ゴック 元々女優になりたくて、高校卒業後はホーチミン市映画演劇学校に通っていました。2年生の時に映画デビューしたので、学校に戻って勉強を終えたかったのです。また、女優を続けても次の成功ができるか不安な気持ちもありました。そのため、今後のことを落ち着いて考え、ゼロからスタートを切りたかったのです。

好きになる人が私の好きな人です


―― これまでどんな活動を?

ゴック 学校を卒業してから女優を再開し、映画は今まで5本に出演しました。2月には映画「くじに当たった」(Trúng số)が公開、4月からはテレビドラマの新番組が放送される予定です。出演本数が少ないのは、役柄を厳選しているからです。常に、もっといいものを作りたいと思っています。

―― 根っからの女優さんなんですね。

ゴック 映画監督には女優にプレッシャーをかけて演技力を引き出す人もいますが、私が出会った監督さんたちは、女優の創造力を自由に引き出すような人ばかりでした。4年間活動していますが、優秀な監督さんやスタッフばかりと出会って、様々なことを経験させてもらいました。
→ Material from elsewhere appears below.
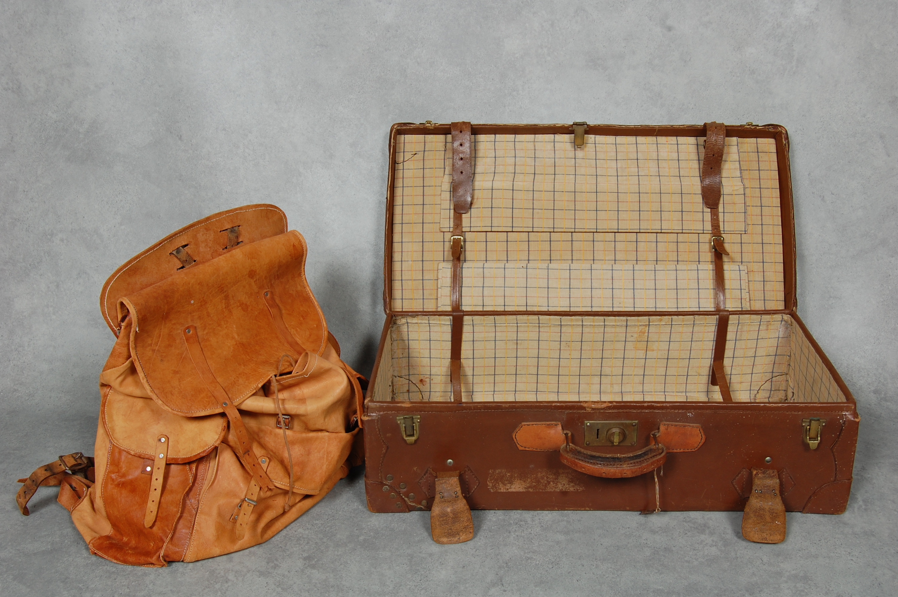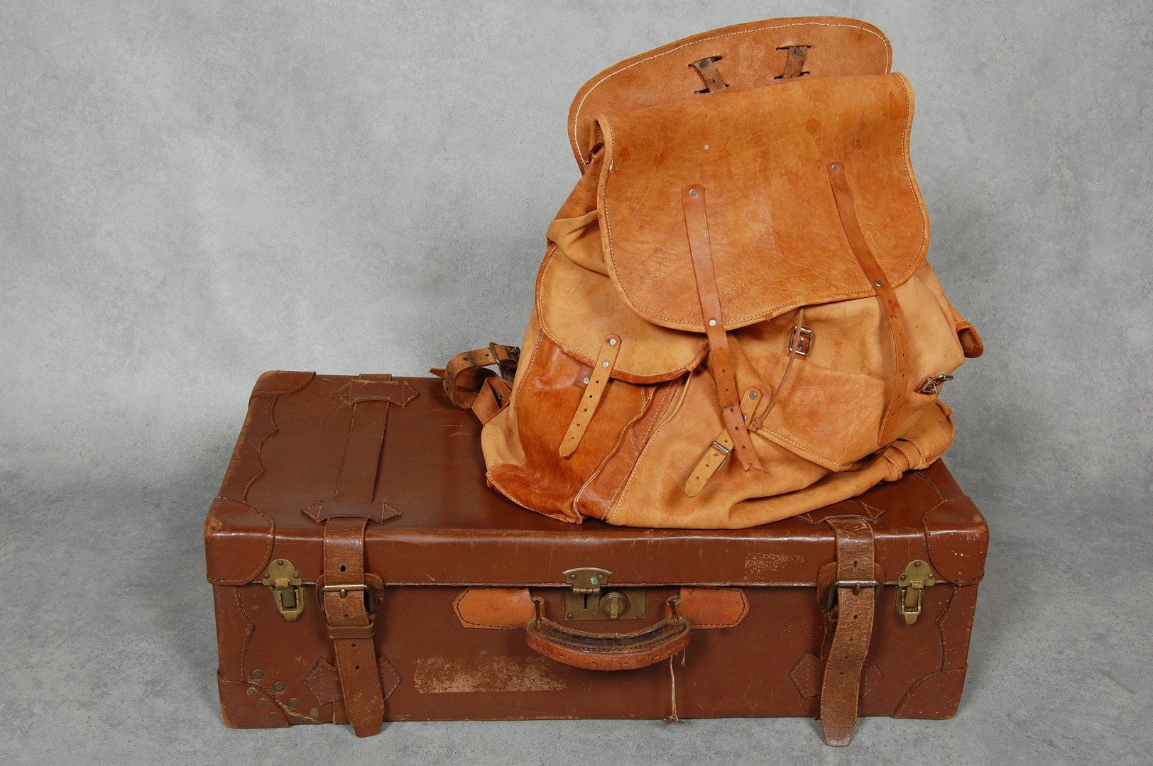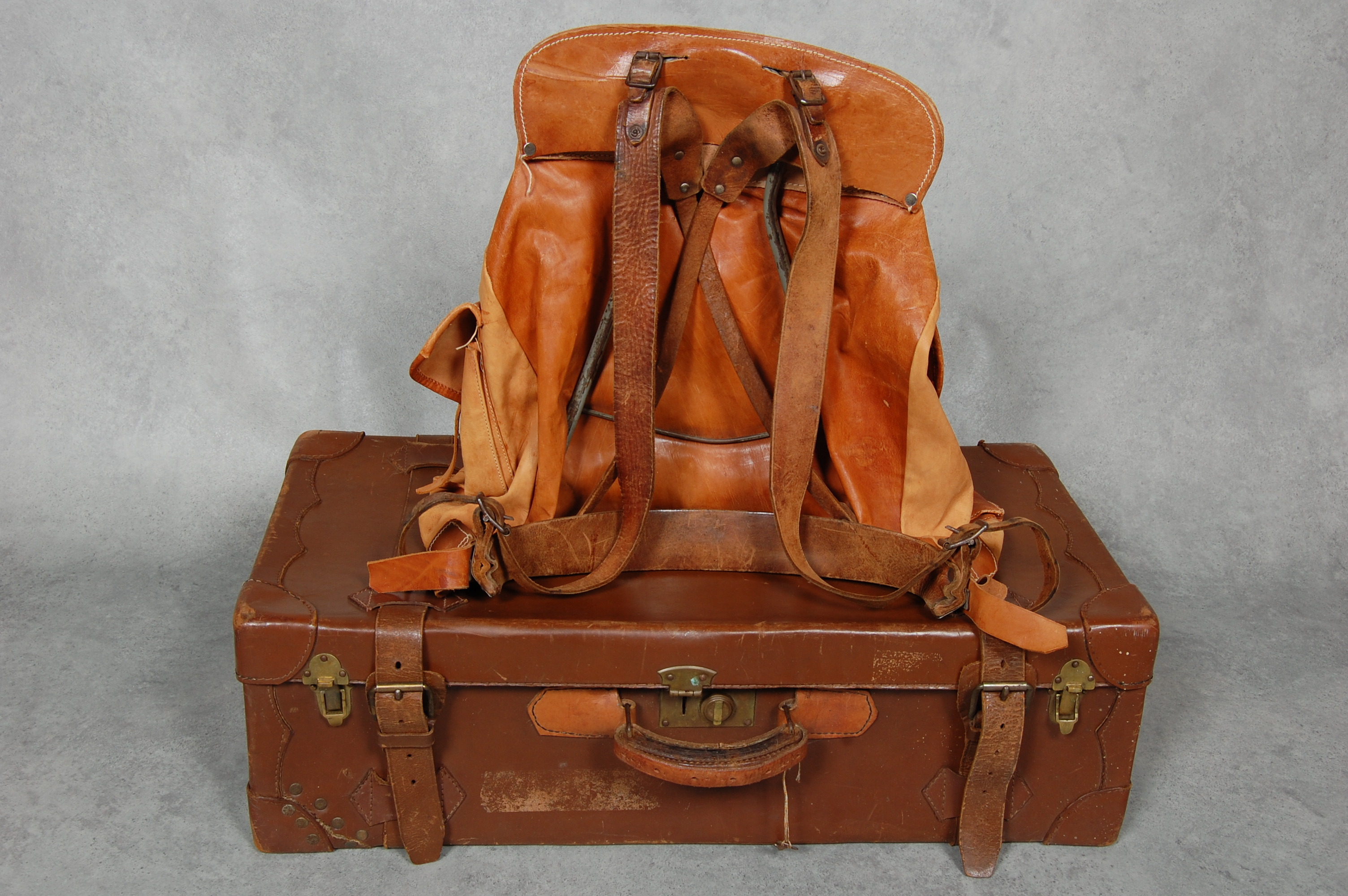 19429. KOFFERT / RYGGSÄCK, älgskinn.

―― いつも皆さんに聞いているのですが、好きな男性のタイプは?

ゴック 男性のタイプはありません。自分の心の声を聴くだけです。好きになる人が好きな人です。

Lan Ngọc/ラン・ゴック

女優。1990年生まれ。デビューした主演映画でベトナム映画協会のゴールデンカイトアワードをはじめ、数多くの映画祭で最優秀主演女優賞などを受賞。一躍注目の女優となる。